I coughed into my hand. “Well, um, this scheme may have started because I was thinking about how to rescue you from your powers. I figured if I knew how long it took, and what was required to hold an Epic … You know. It might help you.”

“Aw,” she said. “That has to be the sweetest way someone has ever told me they were planning to kidnap and imprison me.”

“I just—”

“No, it’s okay,” she said, actually taking my arm. “I understand the sentiment. Thank you.”

I nodded, and we walked for a time. There was no urgency. Val would take hours on her mission, and Obliteration wasn’t going anywhere. So it was okay to enjoy the night—well, enjoy it as much as was possible, all things considered.

Babilar was beautiful. I was growing to like the strange light of the spraypaint. After the dull, reflective grey of Newcago, so much color was mesmerizing. The Babilarans could paint whatever murals they wanted, from scrawled names along the side of one building we passed, to a beautiful and fanciful depiction of the universe on the top of another.

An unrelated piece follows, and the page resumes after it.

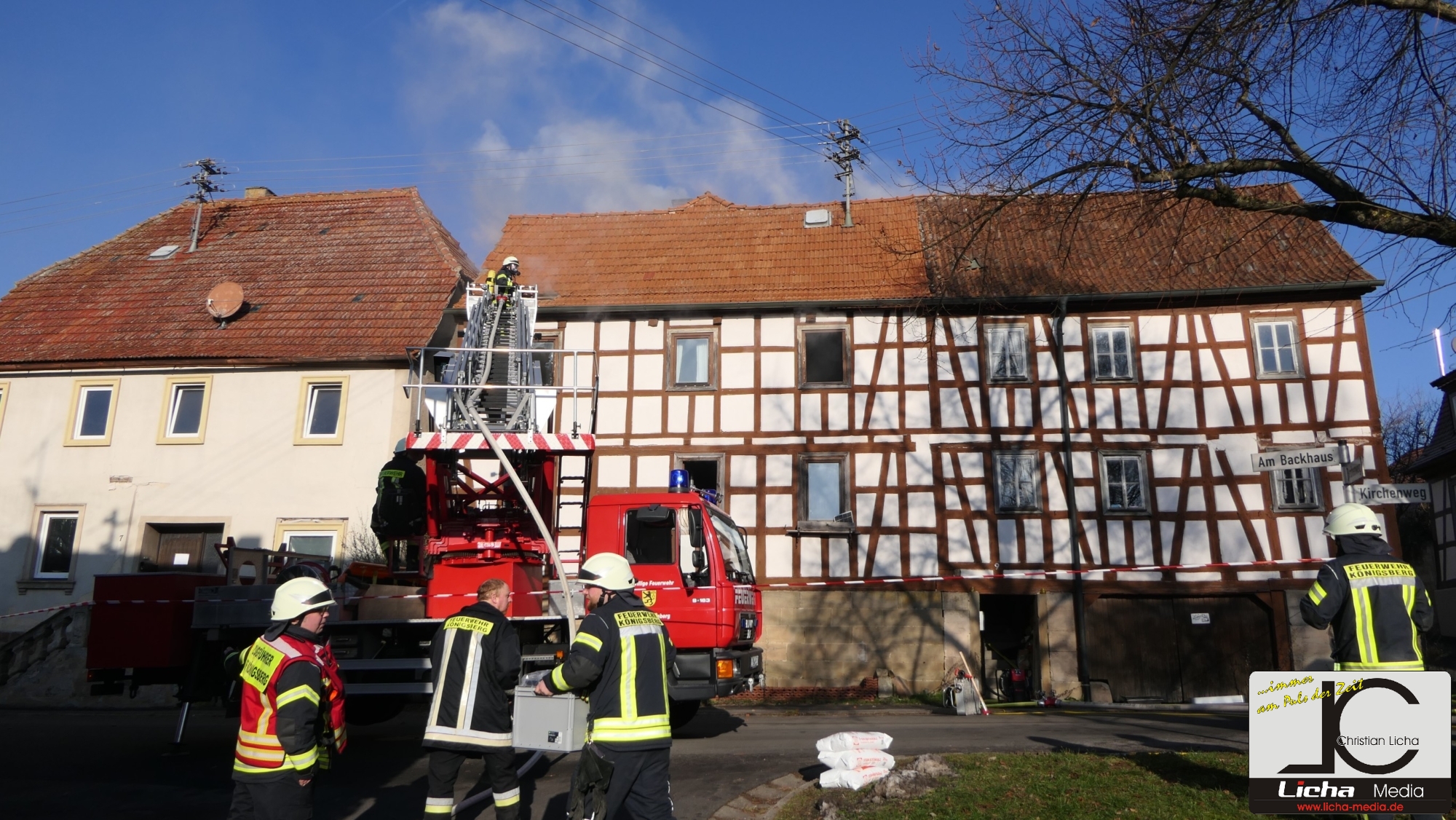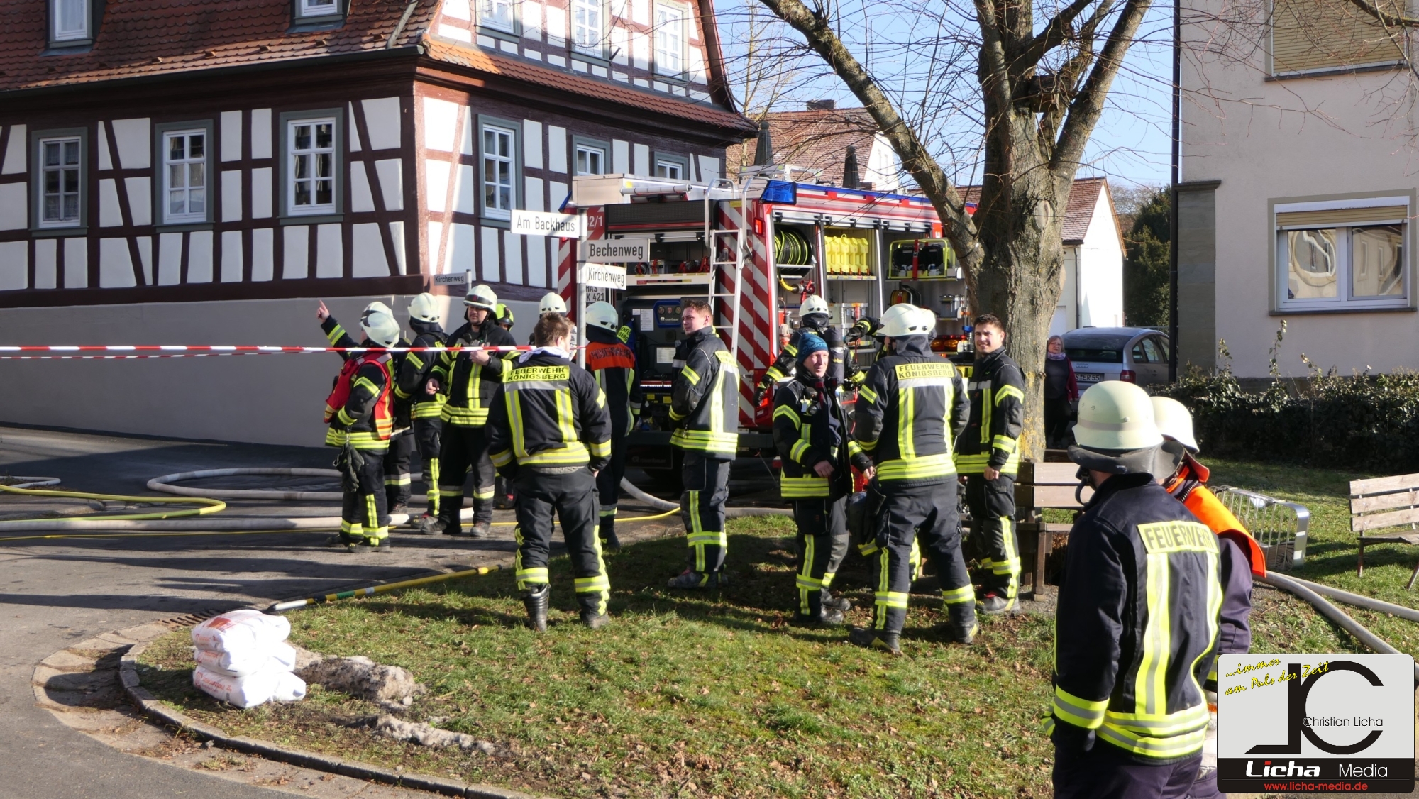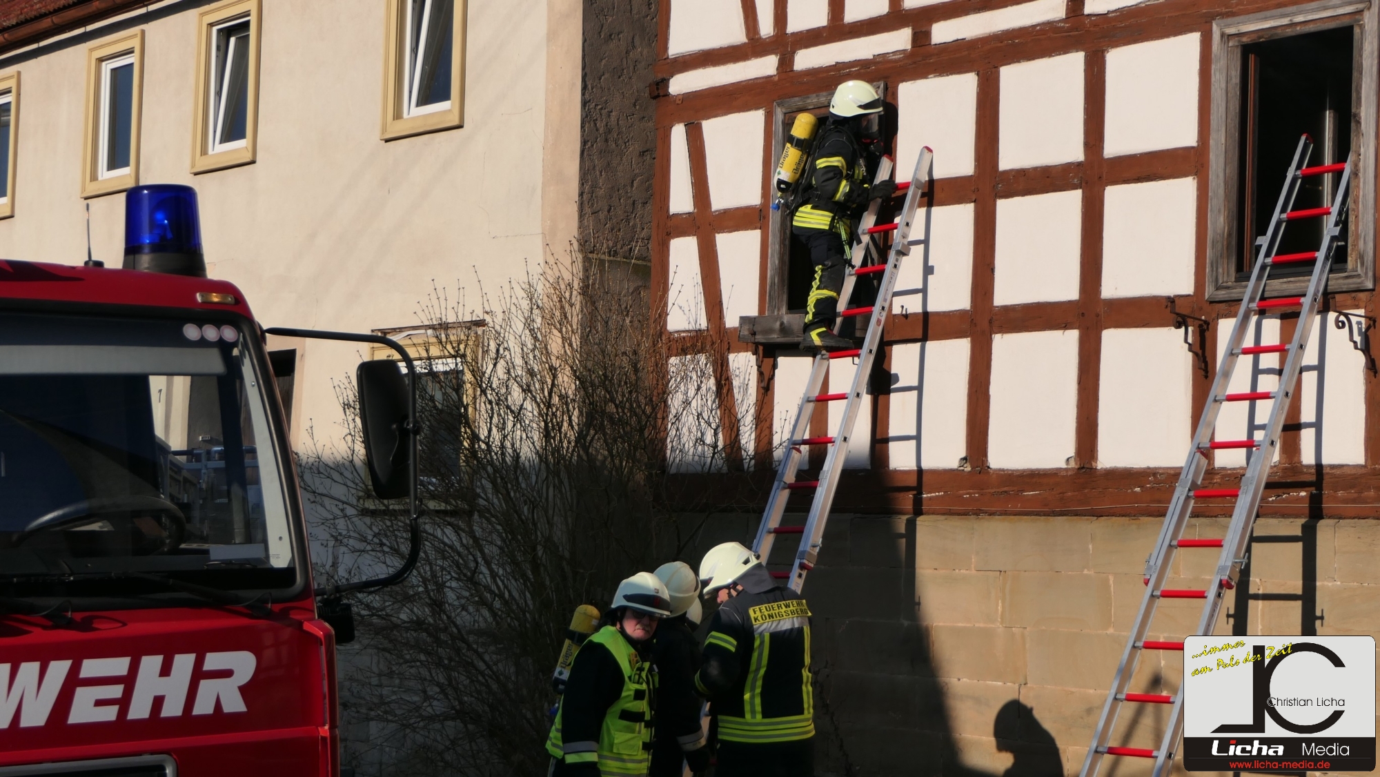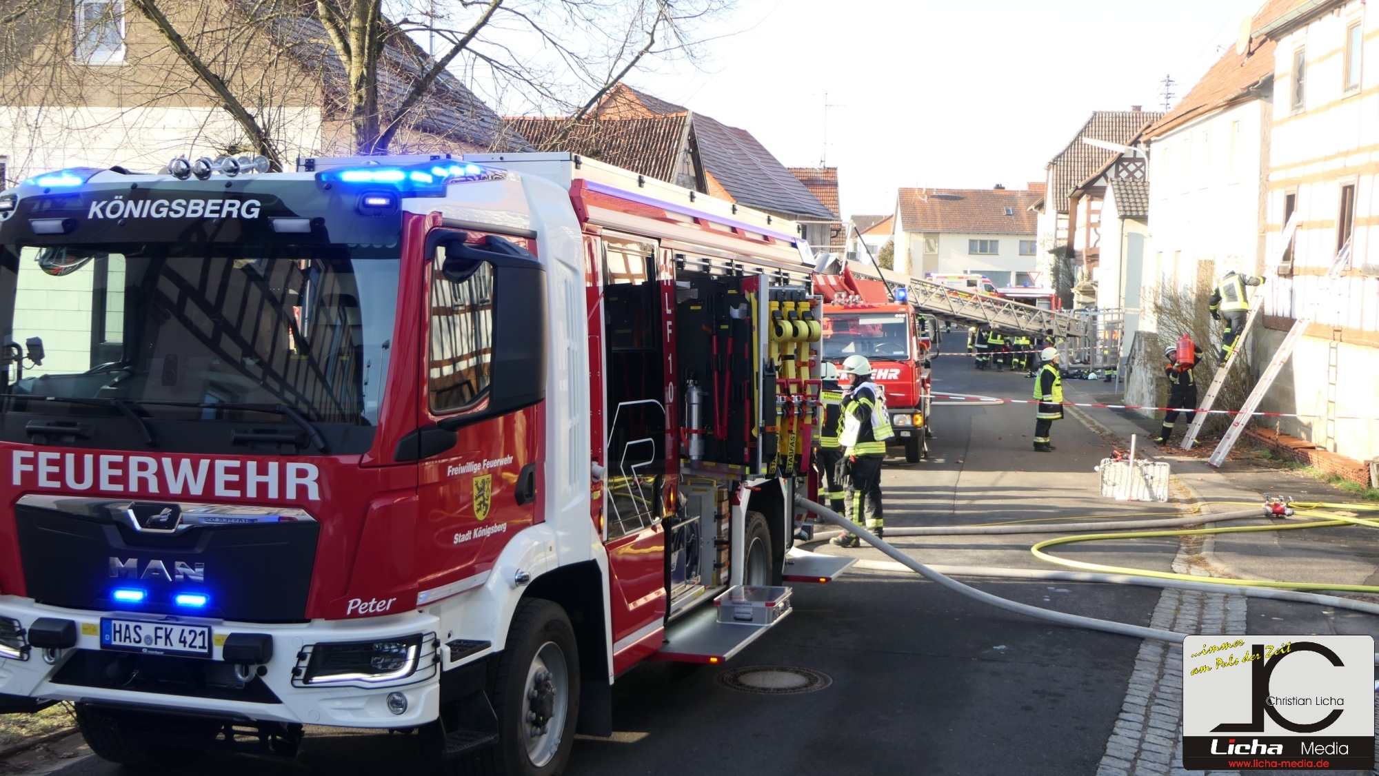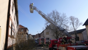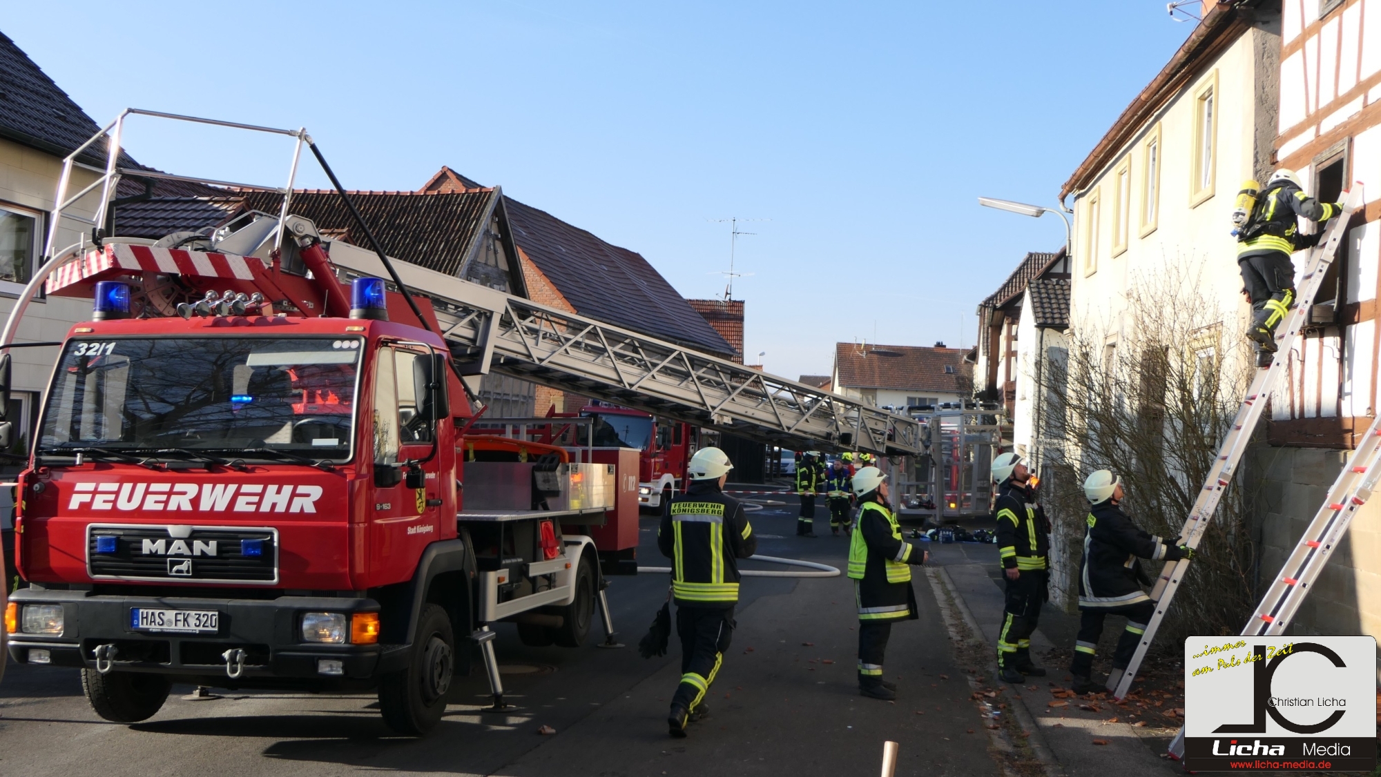 Königsberg / Hellingen, Lkr. Haßberge. Die Einwohner des Königsberger Stadtteils Hellingen wurden am Mittwochvormittag durch die Sirene aufgeschreckt. Mitten im Dorf quoll dichter Rauch aus einem Fachwerkhaus, in dem ein Brand ausgebrochen war. Die Löscharbeiten gestalteten sich schwierig und zogen sich bis in die späten Nachmittagsstunden hin. Erschwert wurden die Löscharbeiten zusätzlich durch Glatteisbildung infolge des ausgetretenen Löschwassers bei winterlichen Temperaturen.

While I still wasn’t comfortable with how relaxed people were here, I did have to admit that there was a certain appealing whimsy about them. Would it really be so bad if this were all there was to life? Tonight, as we passed them swimming or chatting or drumming and singing, I found the people annoyed me far less than they had before.

Perhaps it was the company. I had Megan on my arm, walking close beside me. We didn’t say much, but didn’t need to. I had her back, for the moment. I didn’t know how long it would last, but in this place of vibrant colors I could be with Megan again. For that I was thankful.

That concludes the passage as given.